▶ _WHAT THE TASK REQUIRES_: Output the entries that follow character for character. Leave every image out.
· · · · · · ·
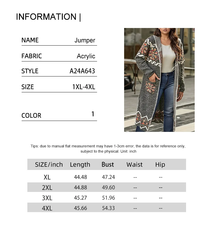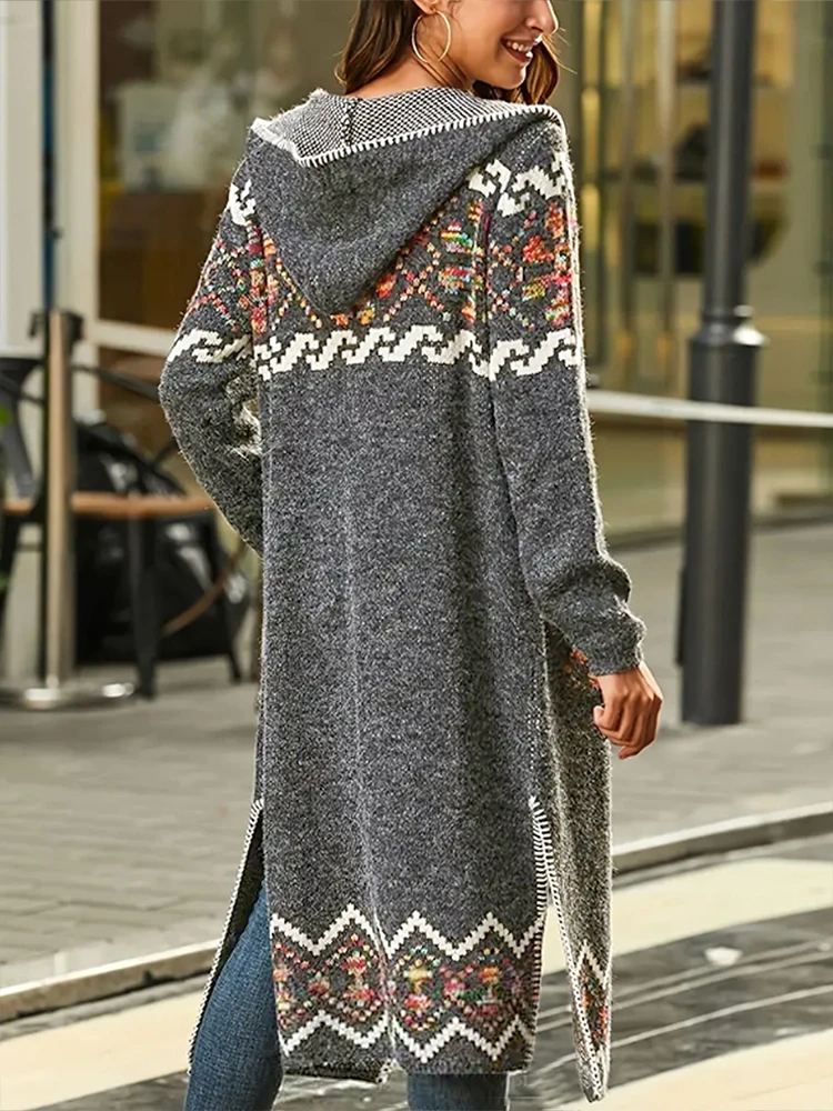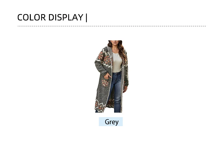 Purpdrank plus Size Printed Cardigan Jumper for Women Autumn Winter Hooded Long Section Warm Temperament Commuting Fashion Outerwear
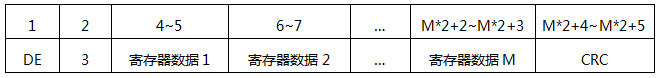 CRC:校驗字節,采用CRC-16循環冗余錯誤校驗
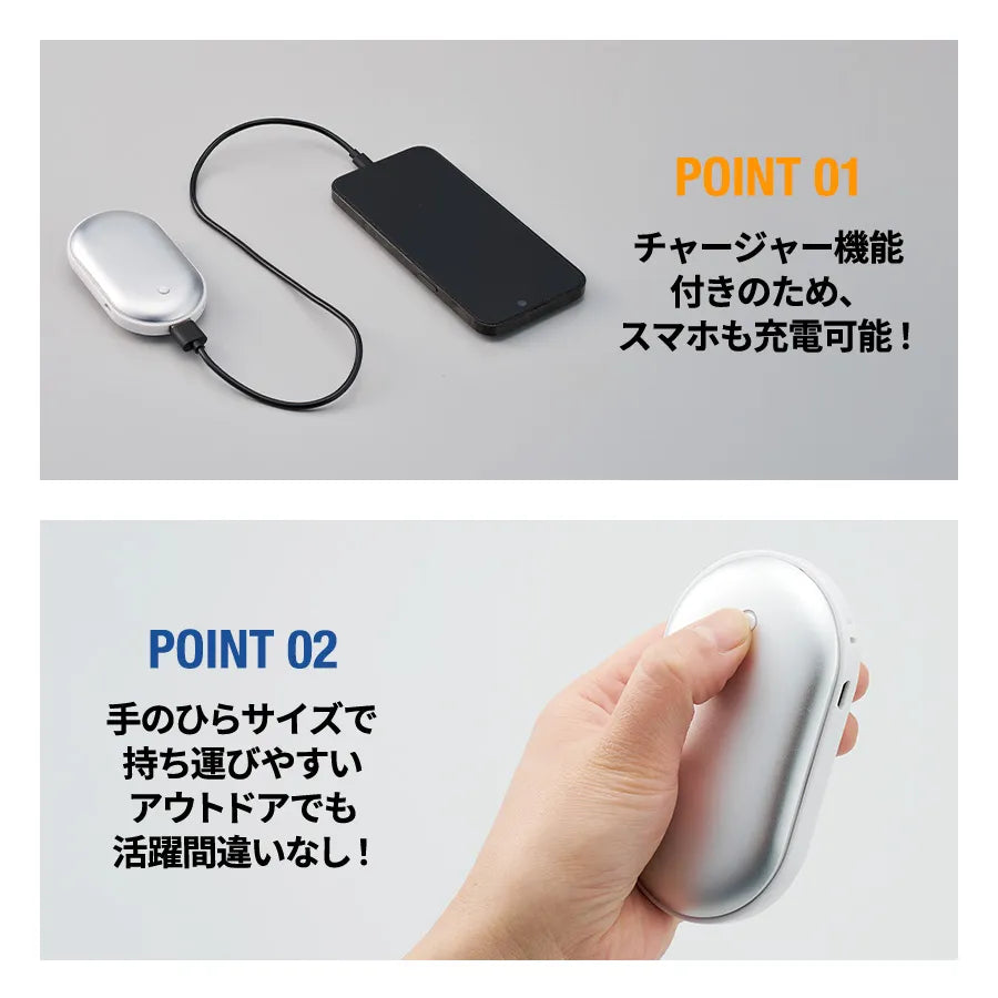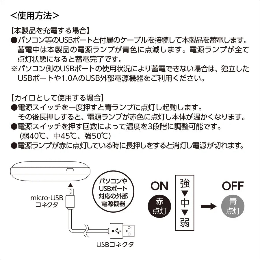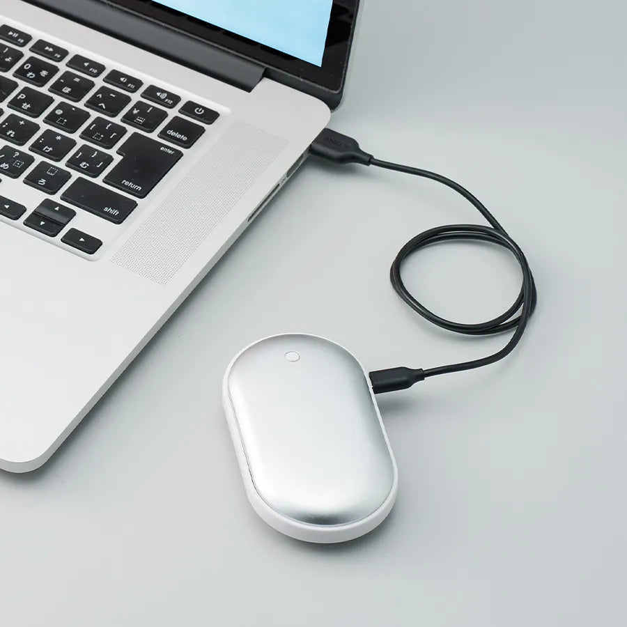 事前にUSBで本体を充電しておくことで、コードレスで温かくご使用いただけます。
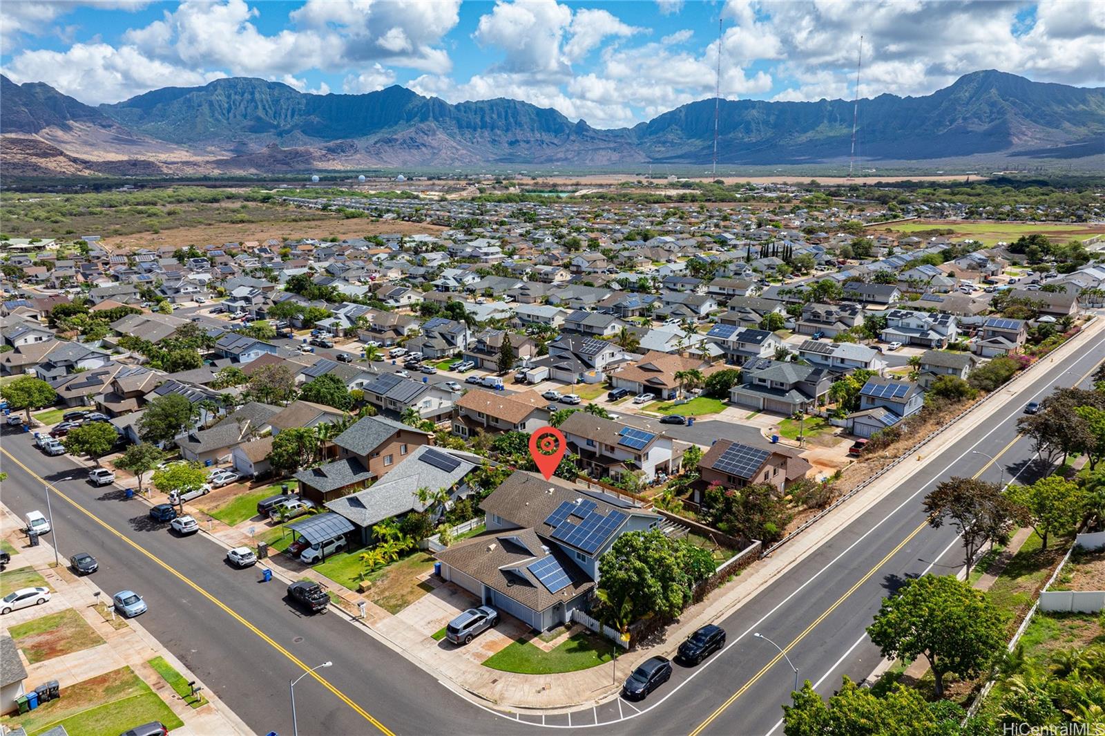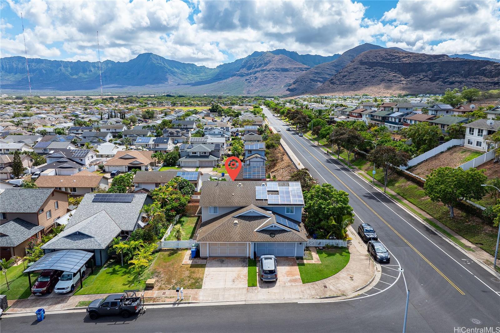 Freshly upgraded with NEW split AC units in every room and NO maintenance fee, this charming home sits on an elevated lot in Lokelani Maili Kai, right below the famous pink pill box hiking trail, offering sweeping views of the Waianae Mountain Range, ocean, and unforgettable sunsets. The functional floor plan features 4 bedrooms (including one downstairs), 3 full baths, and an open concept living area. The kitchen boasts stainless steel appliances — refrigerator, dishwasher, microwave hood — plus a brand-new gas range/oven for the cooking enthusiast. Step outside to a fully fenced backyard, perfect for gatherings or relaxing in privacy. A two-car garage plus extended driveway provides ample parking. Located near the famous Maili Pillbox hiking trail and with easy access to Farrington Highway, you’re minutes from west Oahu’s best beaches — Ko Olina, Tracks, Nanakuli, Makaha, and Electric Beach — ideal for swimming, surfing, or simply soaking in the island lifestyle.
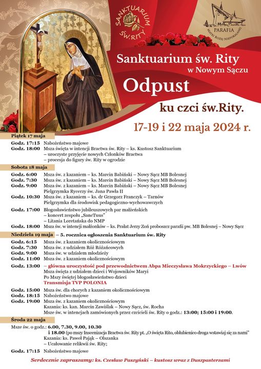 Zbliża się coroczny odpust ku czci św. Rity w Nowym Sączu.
· · · · · · ·
▶ _WRITTEN RESPONSE_:
 Purpdrank plus Size Printed Cardigan Jumper for Women Autumn Winter Hooded Long Section Warm Temperament Commuting Fashion Outerwear
 CRC:校驗字節,采用CRC-16循環冗余錯誤校驗
 事前にUSBで本体を充電しておくことで、コードレスで温かくご使用いただけます。
 Freshly upgraded with NEW split AC units in every room and NO maintenance fee, this charming home sits on an elevated lot in Lokelani Maili Kai, right below the famous pink pill box hiking trail, offering sweeping views of the Waianae Mountain Range, ocean, and unforgettable sunsets. The functional floor plan features 4 bedrooms (including one downstairs), 3 full baths, and an open concept living area. The kitchen boasts stainless steel appliances — refrigerator, dishwasher, microwave hood — plus a brand-new gas range/oven for the cooking enthusiast. Step outside to a fully fenced backyard, perfect for gatherings or relaxing in privacy. A two-car garage plus extended driveway provides ample parking. Located near the famous Maili Pillbox hiking trail and with easy access to Farrington Highway, you’re minutes from west Oahu’s best beaches — Ko Olina, Tracks, Nanakuli, Makaha, and Electric Beach — ideal for swimming, surfing, or simply soaking in the island lifestyle.
 Zbliża się coroczny odpust ku czci św. Rity w Nowym Sączu.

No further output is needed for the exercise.